The 2nd Big Data All Hands Meeting (BDAHM) is held in conjunction with the 2nd Smart Data Innovation Conference (SDIC).
This talk about "Efficiently Handling Streams from Millions of Sensors" provides an introduction to three recent research works dealing with massive sensor data streams in the age of the Internet of Things.
We present three publications and show in a big picture how they enable dealing with potentially billions of IoT sensors.

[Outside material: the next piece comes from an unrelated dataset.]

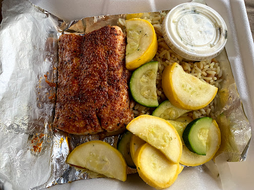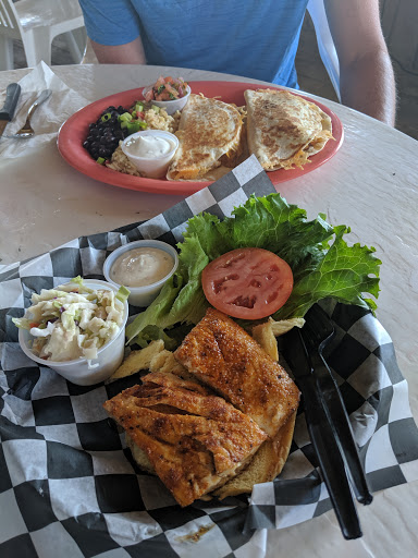 We all were very impressed with the food here. Not one complaint. Three of us got the Cajun tuna wrap, myself including and it was great. Others got the fish tacos and prime rib wrap, and everyone thought their meals were great. My wife and I also got the bacon wrapped scallops, which were the best Id ever had. Wish there were more and contemplated taking two orders to go with us! If you want a good island style meal def go here.

1)Real-time sensor data enables diverse applications such as smart metering, traffic monitoring, and sport analysis. In the Internet of Things, billions of sensor nodes form a sensor cloud and offer data streams to analysis systems. However, it is impossible to transfer all available data with maximal frequencies to all applications. Therefore, we need to tailor data streams to the demand of applications. We contribute a technique that optimizes communication costs while maintaining the desired accuracy. Our technique schedules reads across huge amounts of sensors based on the data-demands of a huge amount of concurrent queries. We introduce user-defined sampling functions that define the data-demand of queries and facilitate various adaptive sampling techniques, which decrease the amount of transferred data. Moreover, we share sensor reads and data transfers among queries. Our experiments with real-world data show that our approach saves up to 87% in data transmissions.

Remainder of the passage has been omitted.